Пока шла работа в этой яме, искали лозой другую. И  нашли её, недалеко, в этом же квартале. Неудивительно, что поиски и раскопки продолжались.

Во второй яме вскрыли 68 останков! Двое из зарытых здесь имели связанные руки (один – в наручниках).

«Не тут ли останки моего отца?» – думалось Эдуарду Бурыкину.

13 сентября следователем прокуратуры Железнодорожного района города Воронежа А.В. Косякиным на основе обнаружения в лесу под Дубовкой ям с костными останками людей было возбуждено уголовное дело и начато следствие.
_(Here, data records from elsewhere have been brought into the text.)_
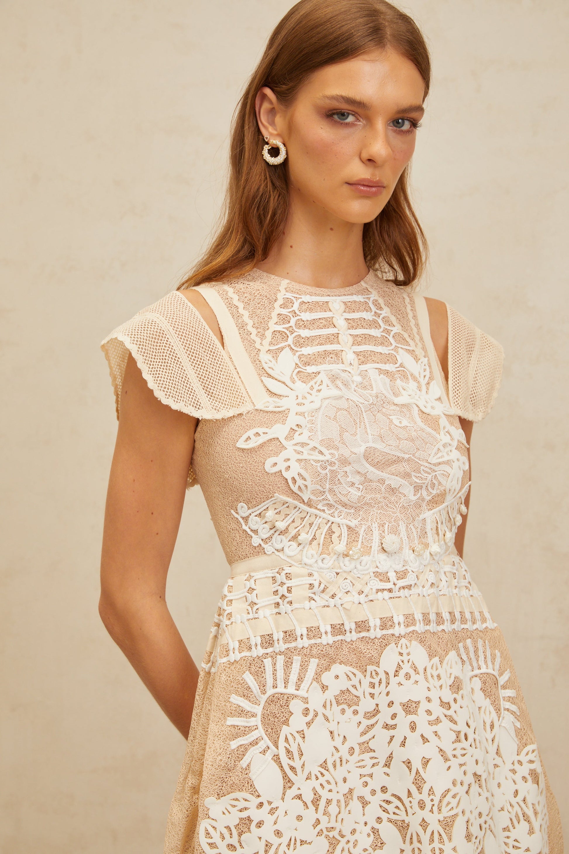 Ophélie Neutral Beaded Floral Crochet Mini Dress
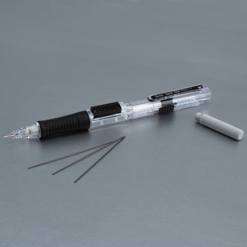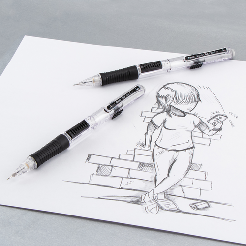 Pentel® Quick Click™ is the fast and convenient side-advance mechanical pencil! The quick side-advance button advances lead without interrupting your writing. Easy to use slide extends & retracts the long-lasting eraser. Latex-free eraser won’t smudge, ghost or tear your paper. Fun clear barrel design with bright color accents. Latex-free grip for hours of comfortable writing. Preloaded with Pentel Super Hi-Polymer HB lead; never needs sharpening, is super strong and writes a clear dark line. Available in 0.5mm and 0.7mm. Backed by a Limited Lifetime Warranty
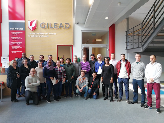Students from the Higher Certificate in Science in GMP & Technology and the Diploma in Biopharmaceutical Manufacturing Operations accompanied by Ann Toebes, went on a site visit to Gilead Sciences, Carrigtohill on Friday March 31st. Having studied GMP and the unit operations involved in Oral Solid Dosage processes, the class was looking forward to seeing the process in real life. On arrival the group was welcomed by Bernard Maguire the Associate Director of Manufacturing and Niall ODriscoll, a production engineer. We were given an overview of the company, the products it manufactures and details of the manufacturing processes. Next stop was the changing room where everyone washed their hands, donned hair nets, beard nets, bunny suits, shoe covers and finally safety glasses and gloves. After another hand wash we were led into the manufacturing area where we brought us through each of the unit operations from dispensing, blending, granulation, fluidised bed drying, blending, compression and finally tablet coating. Tablets manufactured on site are sent to the Packaging Department on site or abroad to another Gilead packaging facility.
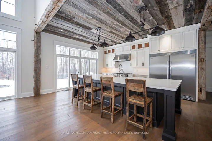 +"PublicRemarks": "CUSTOM BUILT ESTATE ON 1.5 ACRES WITH NEARLY 7,100 SQ FT, 2 TRIPLE CAR GARAGES, INGROUND SALTWATER POOL, HOT TUB & WOOD-FIRED SAUNA! Take a seat before you scroll, because this Snow Valley estate delivers a triple-car garage on a core slab with a hidden triple-car garage below, nearly 7,100 fin sq ft, and a backyard that feels like a private resort. This custom-built home sits on a 1.5-acre lot backing onto EP land and showcases a heated inground saltwater pool, landscaping, a 2,000 sq ft patio, a wood-fired barrel sauna, a hot tub, soffit lights and a gas BBQ line. Across the main level, 10-ft ceilings and wide plank hardwood frame the kitchen with white cabinets, a 12-ft island, a double quartz sink, high-end appliances, a reverse osmosis system, a walk-in pantry and a walkout. The great room elevates the space with a 25-ft ceiling, double-sided Napoleon gas fireplace wrapped in floor-to-ceiling brick and 2 sets of sliding doors. The main floor also offers an office with a fireplace and a walkout, along with a laundry/mud room with a pet wash station, a heated floor, a garage entry and an exterior door. The primary suite showcases 2 walk-in dressing rooms, a balcony and an ensuite with a soaker tub, glass shower, double vanity and a heated floor, while 4 additional bedrooms offer walk-in closets and access to shared and private ensuites. The walkout lower level is designed for staying in, with a bar and recreation zone featuring a beverage fridge, seating for 8, built-in cabinets, display shelves, pot lights, a natural stone sink, brick feature walls, a home theatre, and a separate fitness room. Located within walking distance to Snow Valley Ski Resort, mins to Vespra Hills Golf, approx 10 mins to Barrie, under 30 mins to Wasaga Beach and 45 mins to Collingwood, Orillia and Vaughan. Additional highlights include 2 furnaces, 2 air conditioners, 2 laundry rooms, water treatment, 2 humidifiers, a whole home generator, fibre internet, EV chargers and Blink cameras."
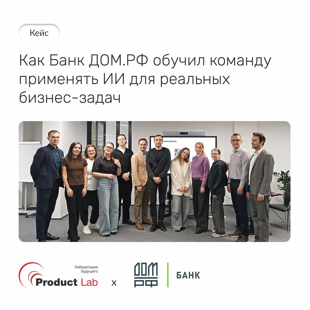 В 2025 году в Банк ДОМ.РФ было принято стратегическое решение – внедрить ИИ-инструменты в повседневные процессы. 🔻 Чтобы это решение реально повлияло на эффективность бизнеса, потребовалось обучить сотрудников прикладному использованию ИИ под реальные задачи: с фокусом на аналитику, сопровождение клиентов и автоматизацию. Именно с этим запросом руководство банка обратилось к нам в Product Lab. Какие результаты получила команда — читайте в новой статье в блоге Product Lab! 👉 Читать статью 📌 Обучаем команды работе с ИИ под задачи бизнеса ИИ-инструменты могут сэкономить десятки часов, упростить аналитику, ускорить документооборот и помочь в принятии решений. Но без практики и адаптации под задачи бизнеса — они не работают. Мы в Product Lab закрываем этот разрыв. 🔻Курс «Нейросети для работы с продуктом» 🔻Корпоративное обучение AI: индивидуальная программа для вашего бизнеса
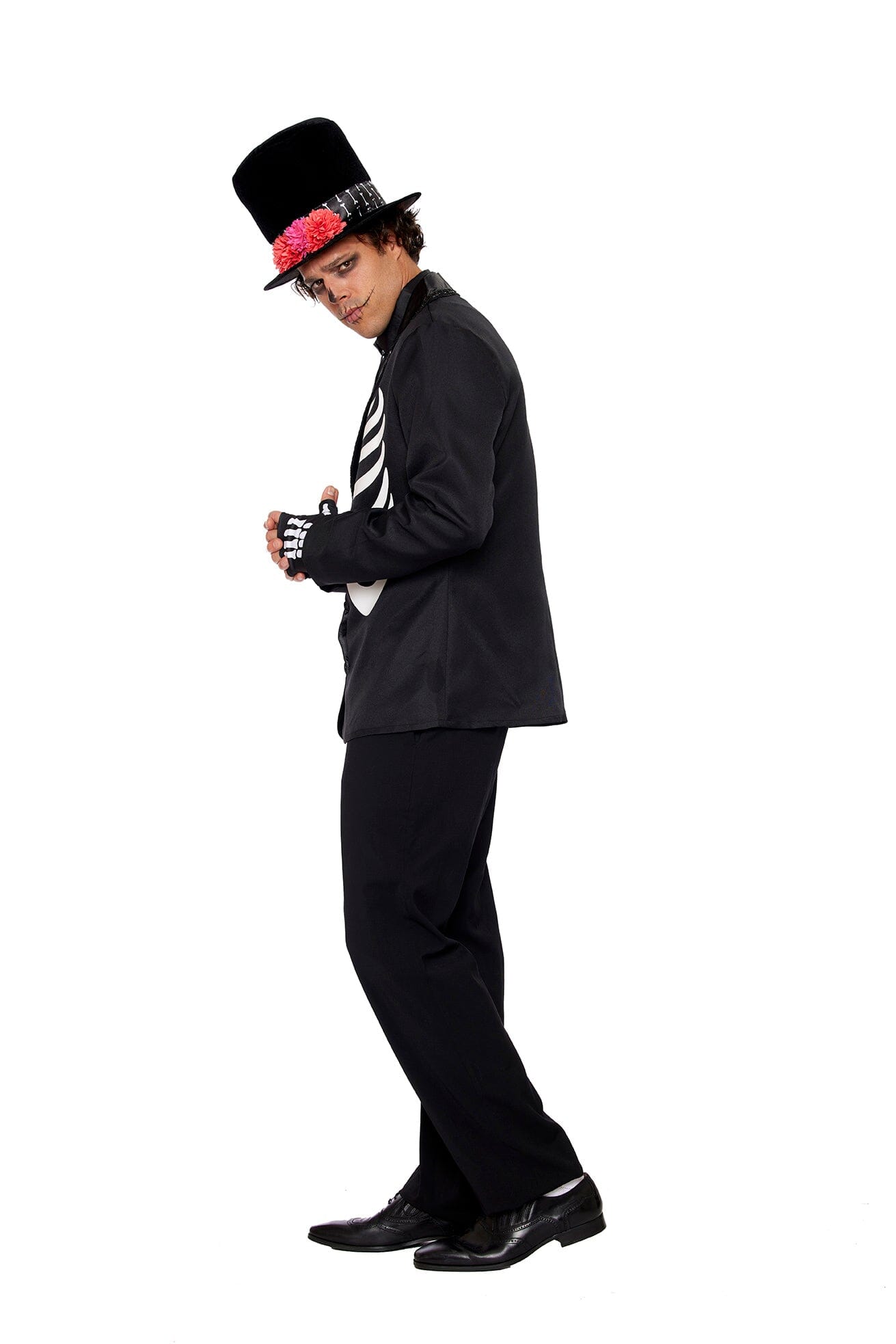 • Tophat with ""bone"" pinstripe printed satin band and flowers
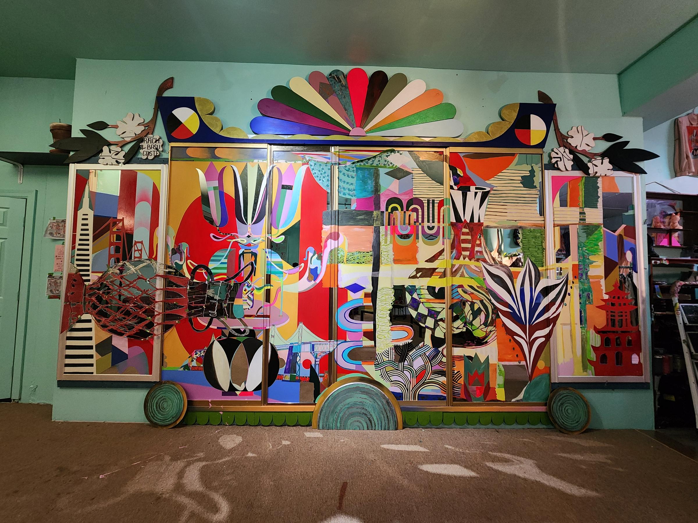 While the scale felt outsized inside the studio ‚I can imagine how beautiful and bright it will be once in public. A brightly-hued rainbow fan sits atop a sleigh, itself rested on sliding-door panels. Cutout leaves and branches frame its edges, with those forms repeated in the mural below. An Oakland oak tree branches from the base, its black and white lines streaked with color.
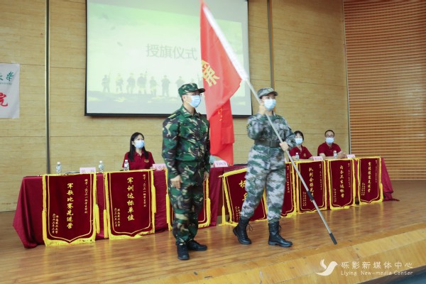 大会还举行了授旗仪式,肖华副书记传授营旗,各领导老师为参训学员代表佩戴铭牌。
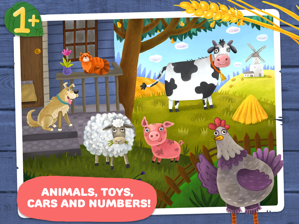 Talk with your kid about the animals that he can meet in the wood or in the village. Repeat the sounds which are made by the animals. Ask your baby to bring the toys that he will see in the application. Let him show his cheeks or eyes, repeating after the boy and the girl. Ask your child interesting questions. What types of transportation have they traveled on? What number do they like best? Converse with your child and teach them to discuss.
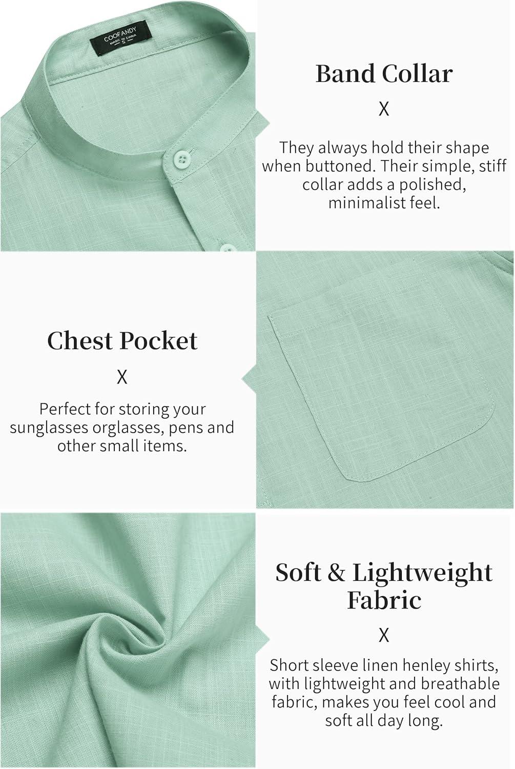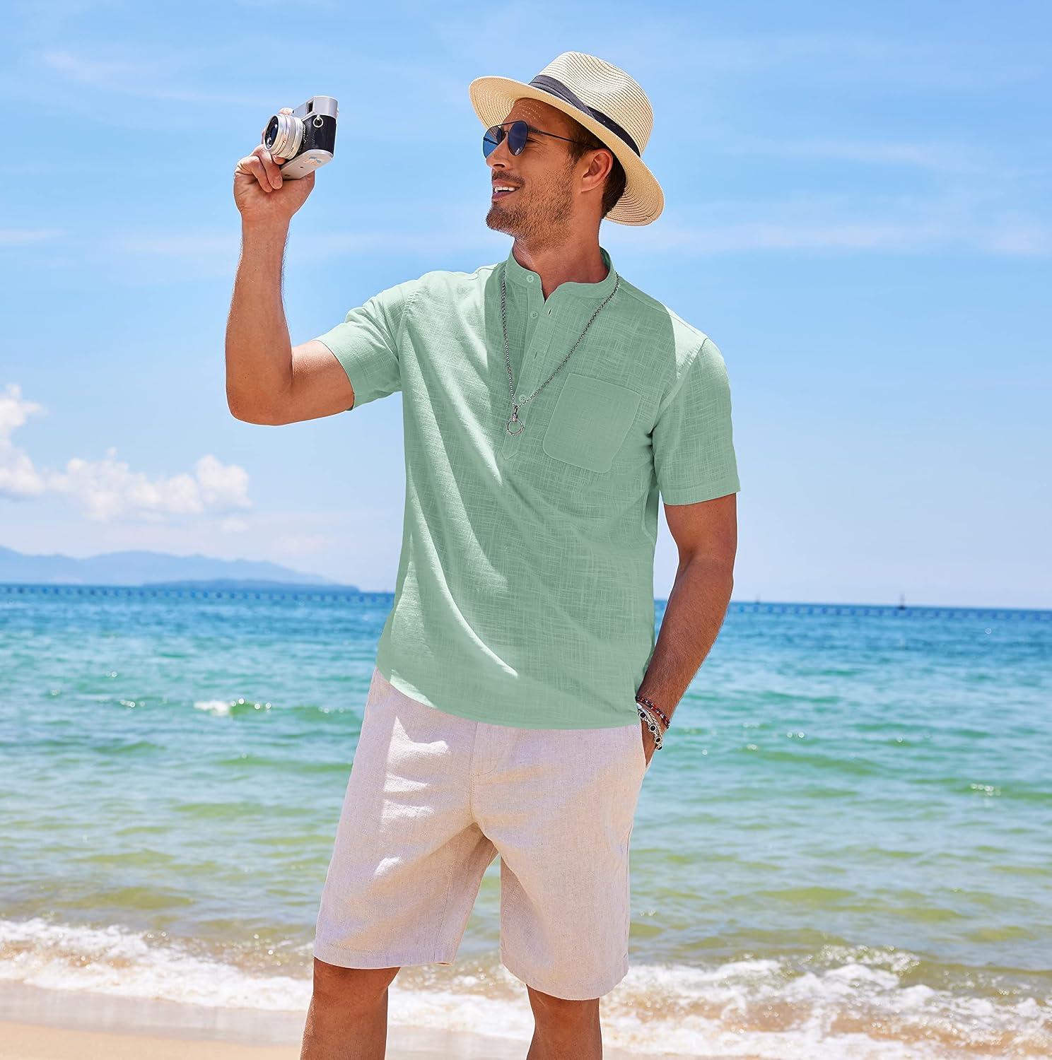 COOFANDY Men’s Cotton Linen Henley Shirt Short Sleeve Hippie Casual Beach T-Shirts with Pocket(Green Leaf)

В сентябре было ясно, что надо спешить с раскопками, потому что поздняя осень и зима прекратят эту работу. Но, с другой стороны, в середине сентября работников осталось мало, потому что В.И. Битюцкий, Э.Н. Бурыкин и многие другие мужчины, мемориальские  добровольные «копачи», были, как всегда, отправлены в колхозы на уборку урожая. Благодаря отправке туда же студентов филфака ВГУ, у меня появилось свободное время, и я всецело погрузилась в ежедневные поездки в Дубовку и решение тамошних проблем.

Администрация выделила автобус, который в 9 утра отъезжал от корпуса ВГУ со стороны Кольцовского сквера, вёз добровольных «копачей» в лес возле Дубовки, а часов в 5 вечера вывозил в город. На служебных машинах туда ежедневно приезжали сотрудник УКГБ, следователь, работник судмедэкспертизы…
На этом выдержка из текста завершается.